Herbivorous dinosaurs were some of the first large land animals to exploit the new food source of fruit in the mid to Late Cretaceous.  Don’t forget to add some fruit salad to your Mesozoic menu.  You can always label it up as “Fruit Salad Swamp” or “Fruit-o-saurus”.  By doing this you can ensure a healthy and nutritious balance to your “Styracosaurus Snacks”.

For recipes, more instructions and of course more information about dinosaur themed party food, simply log onto our website: Everything Dinosaur you will find a whole section of the site dedicated to this subject with free downloads, ingredient check lists and all sorts of helpful stuff.  There is even the recipe, instructions and templates to create your own dinosaur shaped birthday cake.  Best of all these information is available free as a download.

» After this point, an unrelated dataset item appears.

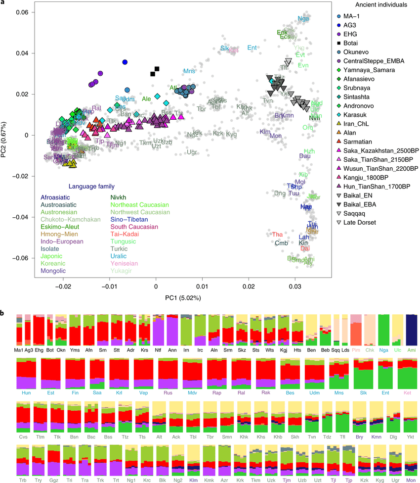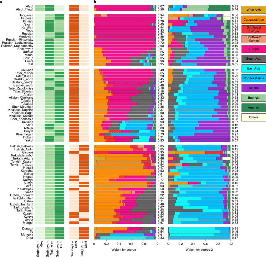 >>635644 На первой пикче: соотношение западно- (зелёный) и восточноевразийских (жёлтый) предков. На второй: разбивка обоих компонентов по регионам происхождения. На третьей: генетические расстояния (есть нормальный график, только с современными популяциями, но мне день искать): bsn и bsc - северные и центральные башкиры, которые ближе к чувашам с удмуртами и казанским татарам, - bss - южные, которые ближе к узбекам и сибирским татарам.

Every item put into our dinosaur shop is tested by ourselves and our pet parents and dinosaur fans.  We even tested out the biscuits and cake recipes.  Each member of staff was given job of trying to come up with recipes suitable for dinosaur themed events.  Then using our cookie cutters and such like we all had to make some.

My Tyrannosaurus rex Gingerbread

Picture Credit: Everything Dinosaur

My gingerbread dinosaurs, just out of the oven and cooling down ready for icing.  Not a bad effort for someone like me, who generally struggles to remember the recipe for toast.